YOUR INSTRUCTIONS: When you reach the line in the data below that contains "Апрель пробудил в", please start repeating lines exactly, and stop after the line that contains "ciao, ciao! |", repeating nothing else.

THE DATA:

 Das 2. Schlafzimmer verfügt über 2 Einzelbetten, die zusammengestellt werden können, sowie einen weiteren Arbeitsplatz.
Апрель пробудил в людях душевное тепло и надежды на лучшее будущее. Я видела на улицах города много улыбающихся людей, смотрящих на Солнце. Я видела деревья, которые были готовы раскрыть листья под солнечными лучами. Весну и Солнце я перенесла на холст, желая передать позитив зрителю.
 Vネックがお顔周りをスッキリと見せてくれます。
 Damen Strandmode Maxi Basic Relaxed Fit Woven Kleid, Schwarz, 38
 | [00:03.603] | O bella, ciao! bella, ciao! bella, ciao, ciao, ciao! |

==

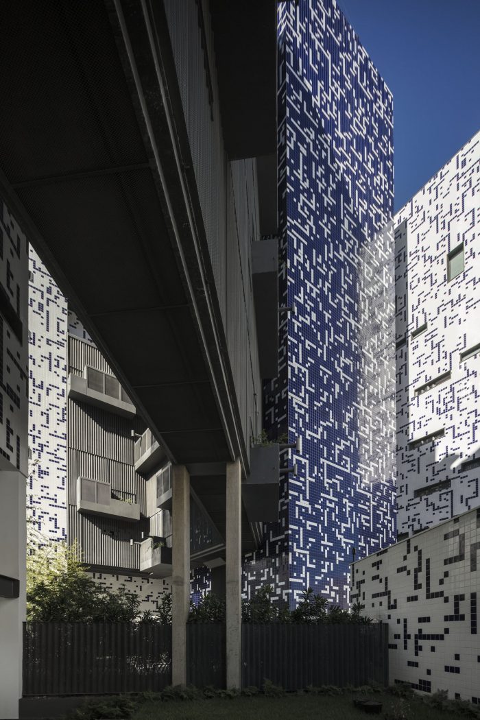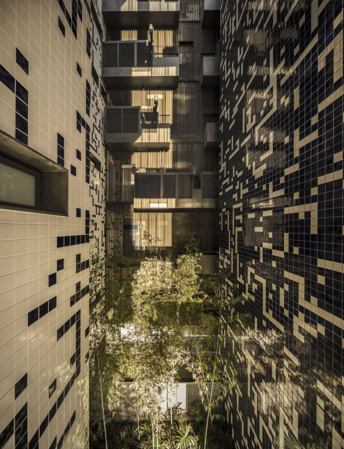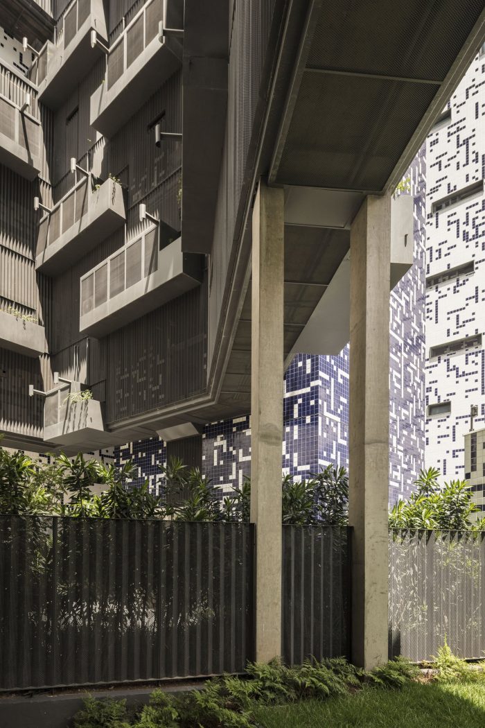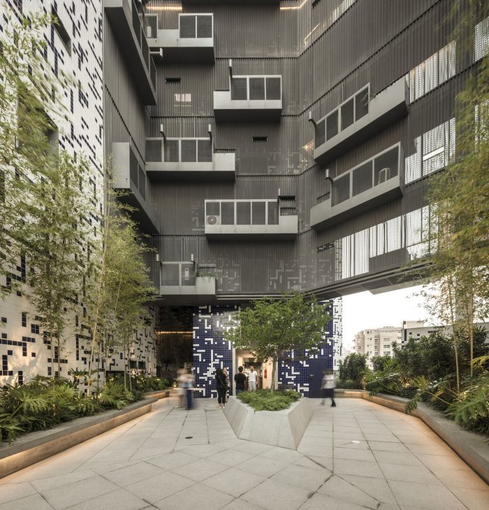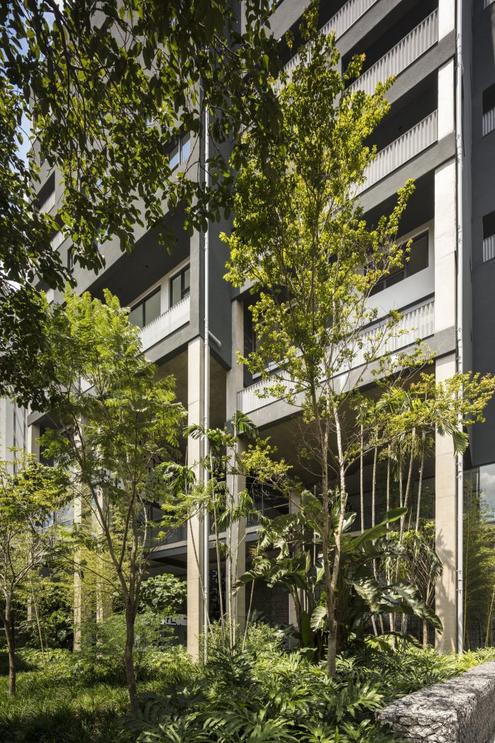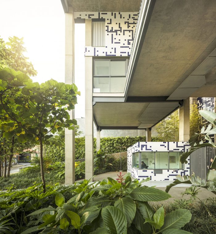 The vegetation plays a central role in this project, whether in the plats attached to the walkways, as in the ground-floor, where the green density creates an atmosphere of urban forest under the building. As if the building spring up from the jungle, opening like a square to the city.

---

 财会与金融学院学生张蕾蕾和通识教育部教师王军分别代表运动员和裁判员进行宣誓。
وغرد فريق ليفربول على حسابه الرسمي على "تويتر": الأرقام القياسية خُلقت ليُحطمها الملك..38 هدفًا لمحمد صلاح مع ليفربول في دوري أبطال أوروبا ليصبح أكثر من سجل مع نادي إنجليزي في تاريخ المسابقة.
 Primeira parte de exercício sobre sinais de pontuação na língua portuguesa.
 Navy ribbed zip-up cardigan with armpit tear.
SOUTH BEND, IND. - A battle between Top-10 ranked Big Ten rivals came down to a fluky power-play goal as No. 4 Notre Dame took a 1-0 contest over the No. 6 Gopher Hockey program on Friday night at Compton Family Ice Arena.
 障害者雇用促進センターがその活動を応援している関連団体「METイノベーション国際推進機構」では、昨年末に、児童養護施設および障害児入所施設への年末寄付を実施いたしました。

RESPONSE:
Апрель пробудил в людях душевное тепло и надежды на лучшее будущее. Я видела на улицах города много улыбающихся людей, смотрящих на Солнце. Я видела деревья, которые были готовы раскрыть листья под солнечными лучами. Весну и Солнце я перенесла на холст, желая передать позитив зрителю.
 Vネックがお顔周りをスッキリと見せてくれます。
 Damen Strandmode Maxi Basic Relaxed Fit Woven Kleid, Schwarz, 38
 | [00:03.603] | O bella, ciao! bella, ciao! bella, ciao, ciao, ciao! |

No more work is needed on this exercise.